Predator-Prey Model for Simulating the Genetic Carcinogenicity of Aggressive Toxicant-Related Cancer.

The mechanism of how toxicant exposure leads to aggressive tumors remains unresolved. A genetic-based hypothesis predicts that under stress, the transcription of growth-related genes will be inhibited by the activation of mitogenic pathways, redirecting energy toward stress response and increasing survival. This hypothesis fails to explain why epidemiological data suggest that growth and stress response are activated, as patients exposed to toxicants exhibit more aggressive growth than nonexposed individuals. This co-occurrence requires increased energy availability to prevent the activation of mitogenic pathways, as seen in the Warburg effect.

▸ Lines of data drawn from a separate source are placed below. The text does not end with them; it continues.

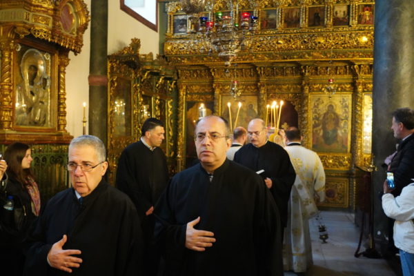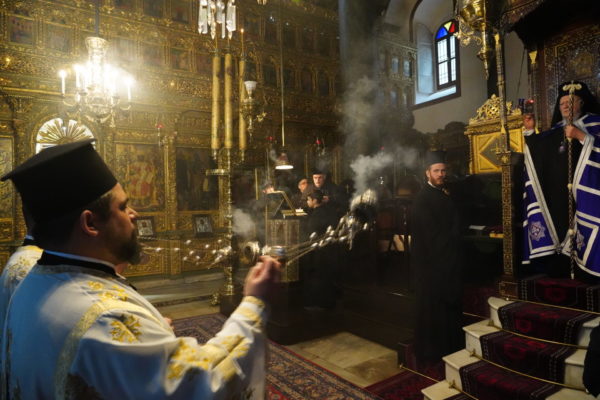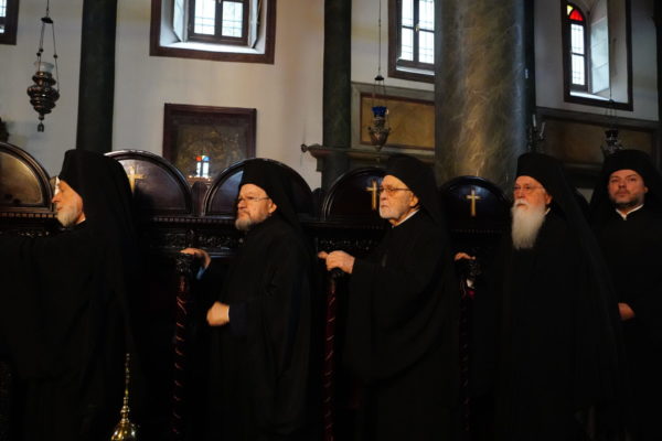 Με τον Παναγιώτατο συγχοροστάτησαν οι Σεβασμιώτατοι Μητροπολίτες Φιλαδελφείας κ. Μελίτων, Μυριοφύτου και Περιστάσεως κ. Ειρηναίος, Μύρων κ. Χρυσόστομος, Λαοδικείας κ. Θεοδώρητος και Προύσης κ. Ιωακείμ.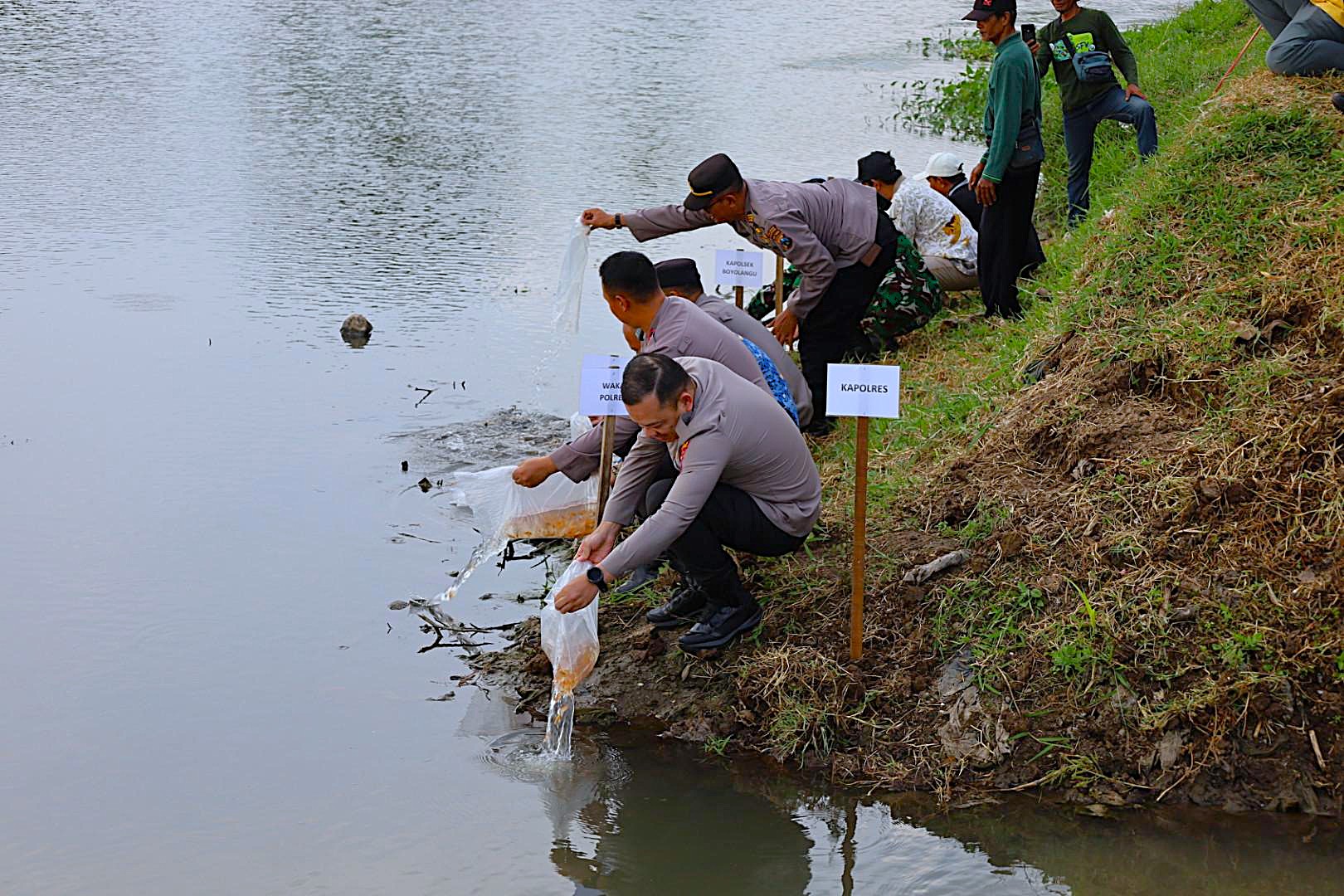 Dalam kegiatan bertema pelestarian lingkungan itu,Kapolres Tulungagung AKBP Muhammad Taat Resdi, bersama unsur Forkopimcam Boyolangu serta Kepala Desa Kendalbulur Anang Mustofa, menebar sebanyak 5.000 ekor benih ikan tombro.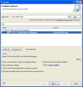 More specifically, Eclipse IDE for C/C++ Developers (includes Incubating components). At the time of this writing Eclipse was 3.7.2. The nice thing about Eclipse is that it doesn’t have to be “installed” on your system, you can just unzip the folder and run it from that. That means you can keep many, many different versions of Eclipse configured for different tasks like I do around and not have to worry about trying something that will foul it up in some other aspect. I started out with the base CDT version and added into it. You’ll also need Java for this, of course, since Eclipse requires Java to run. Hey, I hear Eclipse can be used for Java development. groan.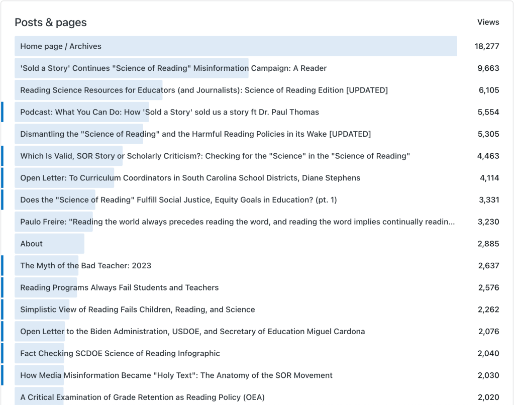 In 2023, for example, my open-access work on grade retention contributed to removing grade retention in Ohio. My primary work on the “science of reading” has maintained an audience with much less satisfying outcomes.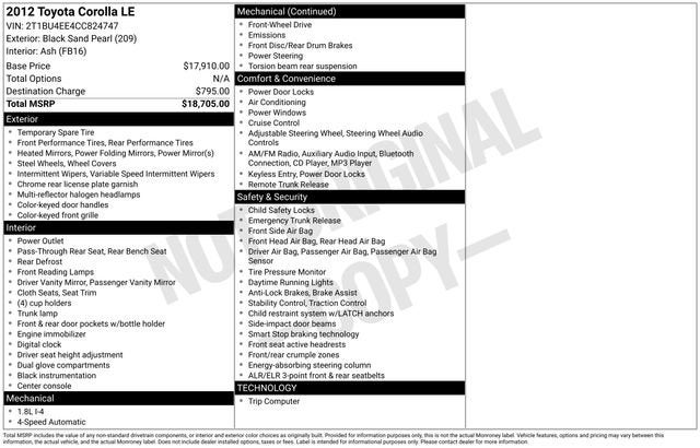 Whether you're looking for a reliable daily driver or a practical family car, this 2012 Toyota Corolla LE is an exceptional choice. With its well-equipped interior, efficient performance, and comprehensive safety features, it's a vehicle that checks all the boxes. We invite you to come and experience the Corolla for yourself. Schedule a test drive today and let us show you why this compact sedan is the perfect fit for your lifestyle.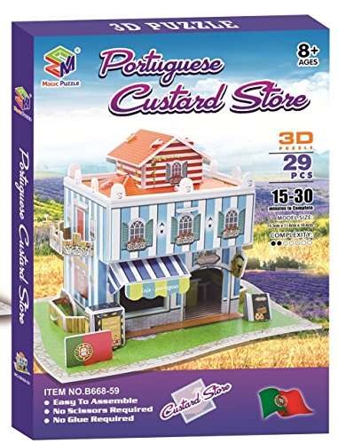 Studio : 3d Puzzle Place Publisher : 3d Puzzle Place Binding : Toy Product Description This exciting puzzle is fun and challenging. It will help you exercise your spatial thinking and hard dexterity while offering hours of fun as you figure out how to put together all pieces to form a beautiful and attractive scale model puzzle. The puzzle can be displayed on your desk, bookshelf, home or office. Stimulating and educational, this puzzle will make a great gift for anyone young or old, friend or family and students of all ages. Combine power and imagination for a beautiful creation this puzzle with multiple pieces will enable children to create and imagine the most unbelievable structures on their own imagination or follow ideas from the instructions that are included in the set. An instruction leaflet is included which provides instructions on how to construct the puzzle, as well as interesting facts about the model. This puzzle is manufactured in china and is sold in 80 countries throughout the world. Specifications: - Portuguese custard store - model:B668-59 - 29 pieces - construction time: 15-30 minutes - level: 2 - age: 6-11 years and up - weight: 3.2 oz. - size of finished model: 6.03 x 4.57 x 4.17 inches - box size: 6.30 x 0.71 x 8.66 inches. 0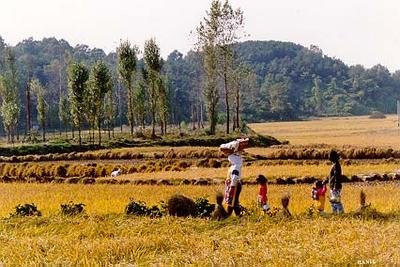 아기들 데리고 새참 가지고 밭으로 가는중입니다.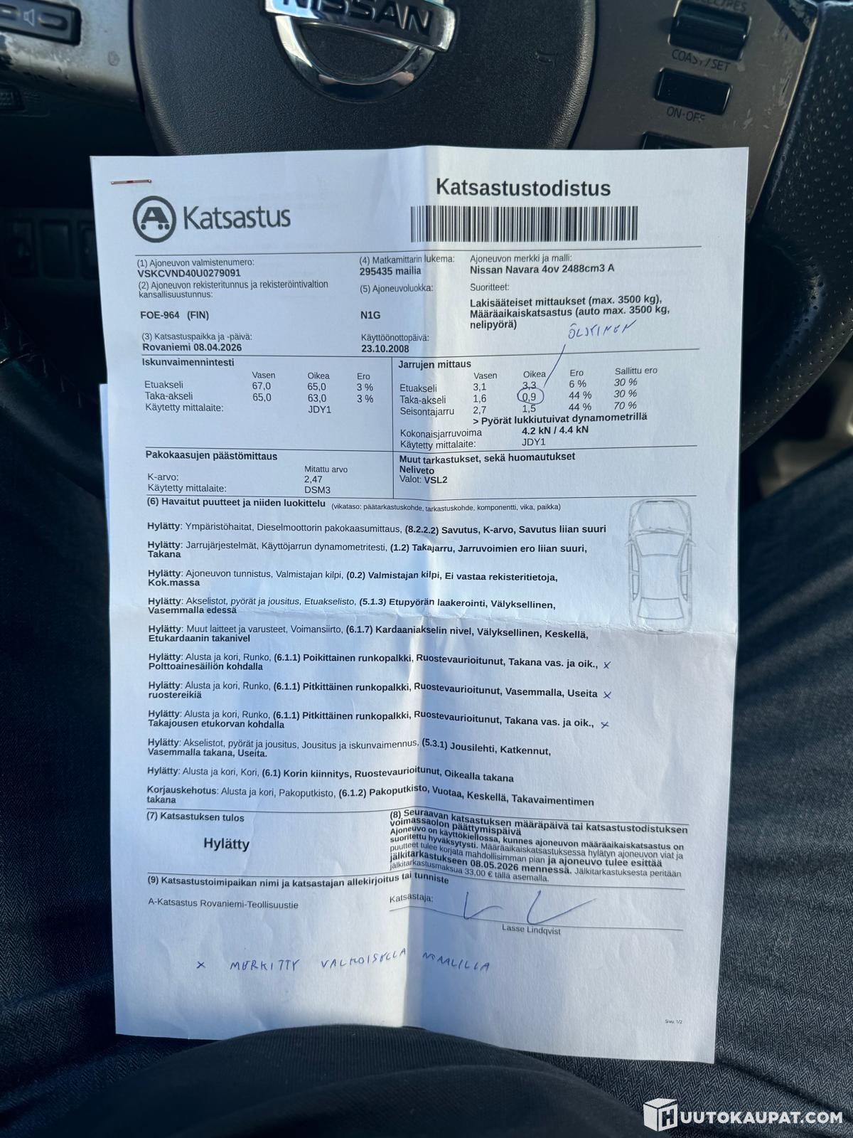 - Failed inspection; see image of the inspection certificate.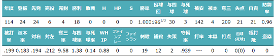 埼玉ライガーズ | 36 | 投手 | 右投右打 | オーバースロー | 101年度~118年度 | ライガーズ一筋の右腕。優れたコントロールと重い球、気迫を武器に活躍。111年度に最多勝と勝率第1位のタイトルを獲得すると114年度には18勝負けなしの防御率0.96と最高の活躍を見せ再び最多勝と勝率第1位賞を獲得した。通算でも101勝と防御率2.21を記録した。 |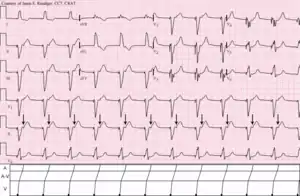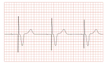 | Ventricular pacemaker with 1:1 retrograde ventriculoatrial (V-A) conduction to the atria (arrows). | |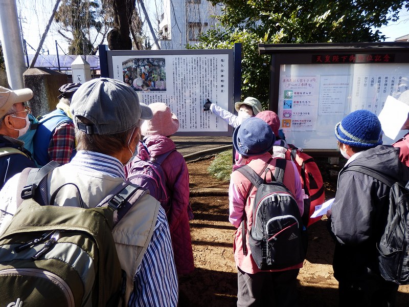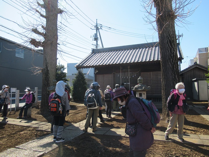 コース:東武東上線ふじみ野駅9:45集合 歩行開始10:00→角の常夜灯10:25→地蔵院10:40→亀久保神明神社・馬頭観音→鶴ケ岡八幡神社11:45→南台公園12:25(昼食)13:10→砂新田春日神社13:45→熊野神社14:15→浅間神社14:45→解散15:00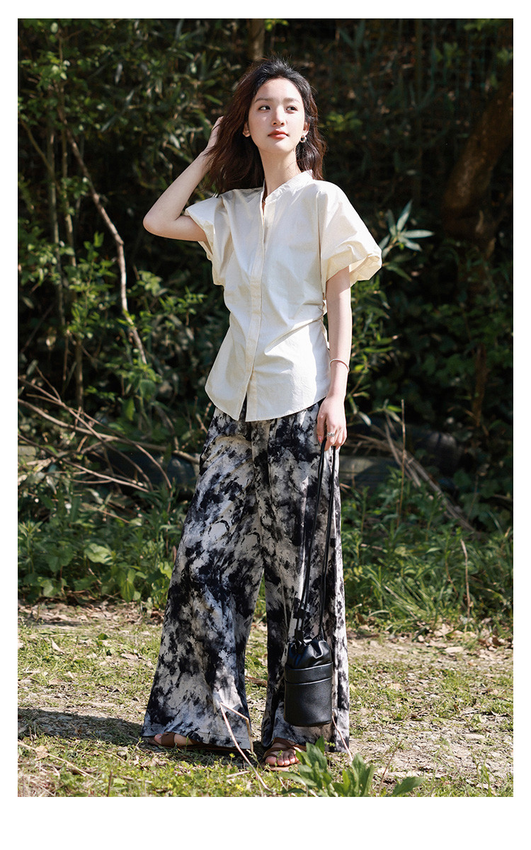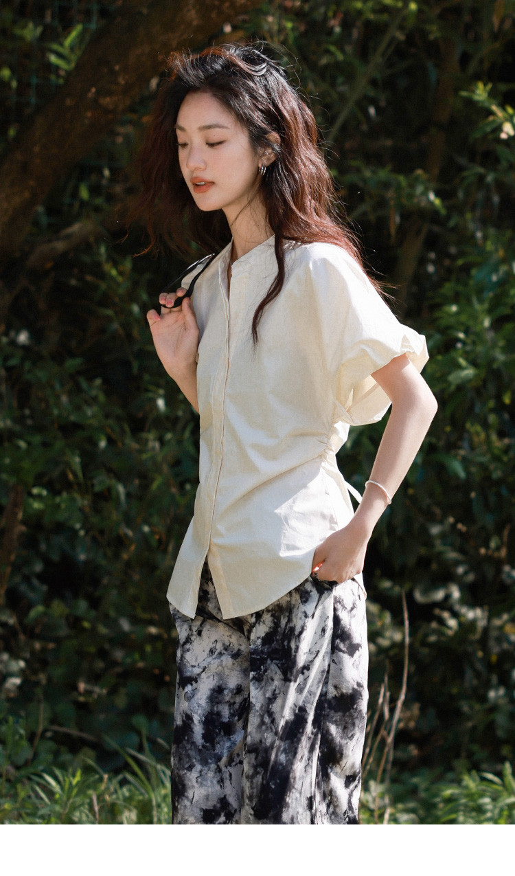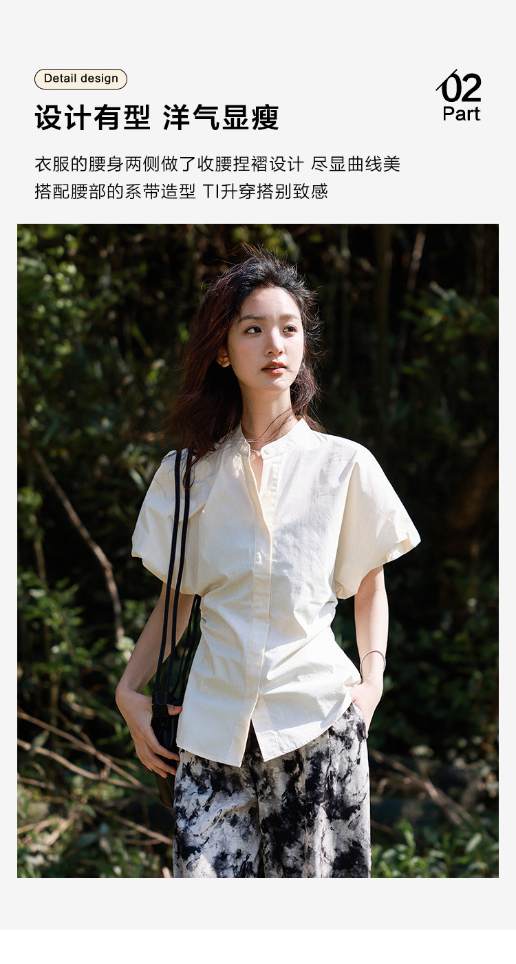【云朵泡泡上衣】夏款气质通勤新中式温柔收腰衬衫女 916610

We hypothesize that if pollutant effects cease, it might drive aggressive cancer, as excess energy that is no longer used for stress response can fuel rapid growth. We model this allocation between growth and stress response as a trophic competition using the Lotka-Volterra equations and using as input RNA-Seq data from growth- and stress-related genes obtained from cancer cells exposed to copper, cadmium, and carboplatin. Our findings suggest that the energy allocation to growth and its rate of allocation is higher in exposed than nonexposed tumors and results in overgrowth in unexposed cells. This study helps to understand how certain scenarios, such as partial or total cessation of exposure, in toxicant-related cancer can drive cancer aggressiveness.